16 décembre 2025

≡ Réflexions Sur La Mort


🍂 Ce qui rend la mort impensable, c’est que la pensée est toujours en mouvement. 



Pour pouvoir réellement penser à sa propre mort, il faudrait pouvoir fixer son attention entière sur elle, faire en sorte de n’avoir que cet objet à l’esprit, pour plusieurs minutes ou plusieurs heures. 
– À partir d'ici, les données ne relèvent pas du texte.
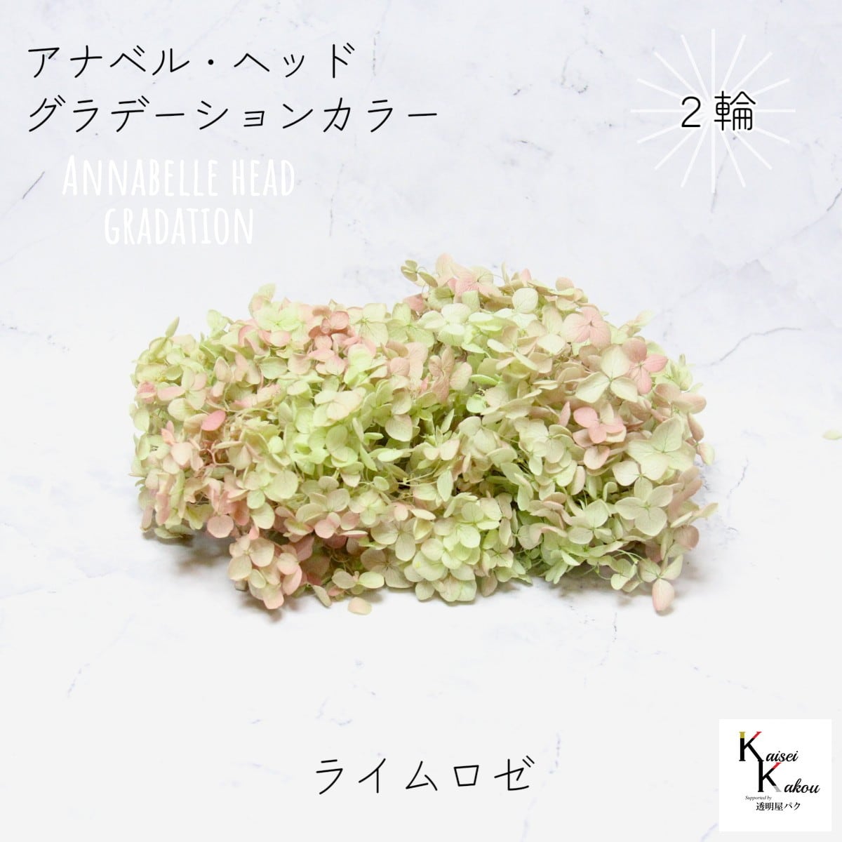 宅急便で発送 大地農園! プリザーブドフラワー 「ソフトアナベルアジサイ・ヘッド(グラデーション) ライムロゼ 2輪」 アジサイ プリザ ドライフラワー 花材 装飾 ハーバリウム おしゃれ かわいい プレゼント 贈り物 オオチノウエン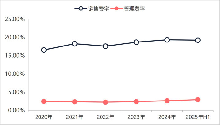 所以,从永辉超市的费用端来看,销售费用是永辉超市费用端最大的支出,且销售费率呈现逐年上升的趋势,截止2025年中报永辉超市的销售费率将近20%。营业收入不断下滑,销售费支出不减反增,直接拖累了企业净利润的改善。

Mais ce qui se passe en nous concrètement, lorsque nous essayons de le faire, c’est que nous contemplons quelques instants ce seuil qui donne sur une béance, un irréversible inéluctable, cet événement qui est pour nous impossible en cela que tous les autres événements de notre vie iront se contracter et s’abolir en lui — et puis notre pensée recommence à vagabonder, nous imaginons les proches rassemblés autour de notre cercueil, la manière dont réagiront nos enfants.



Nous songeons aux dispositions à prendre, à des problèmes pratiques, encadrés par des conventions sociales rassurantes, comme le don d’organes, le testament, la cérémonie, les droits de succession. Ou bien nous méditons sur ce que nous laisserons derrière nous, sur nos traces, notre sillage. 



Dans la mémoire et dans le cœur, de combien de personnes survivrons-nous réellement ? 


On croyait engager une réflexion profonde sur la mort, mais voici que nous nous mettons à tournoyer, à danser autour. 



Comme nous sommes vivants, la mort nous est trop contradictoire pour que nous puissions vraiment l’accueillir en notre conscience, fluctuante, inconséquente.



Peut-être y a-t-il malgré tout un indice, qui nous est donné par la vue des cadavres. Lorsque s’est retirée la vie, le visage humain devient stupéfiant d’immobilité. Les traits sont toujours là, l’expression elle-même se laisse lire comme sereine ou crispée, mais il n’y a plus personne derrière. 


Alors, on se dit que mourir, c’est devenir un simple objet du monde, rejoindre la longue liste des choses inanimées. Un cadavre cependant, comme l’idée de la mort elle-même, ne se contemple que de l’extérieur. On ne peut pas, subjectivement, habiter le cadavre, ce serait une antilogie.Pas plus qu’on ne peut vivre sa mort, on ne saurait donc la penser jusqu’au bout. Et jusqu’au bout, elle nous échappera. 



Moi qui ne suis pas religieux, j’ai l’intime conviction que rien ne nous attend après, que nous n’existerons pas davantage après le trépas qu’avant notre naissance. Mais, en fait, il est inexact de présenter les choses ainsi. Le néant d’après n’est pas tout à fait la même chose que le néant d’avant. 



Car, entre les deux, nous avons vécu. Aucune force dans l’Univers ne pourra jamais effacer ce simple fait que nous avons été vivants. En ce sens, la mort elle-même ne peut pas nous enlever la vie.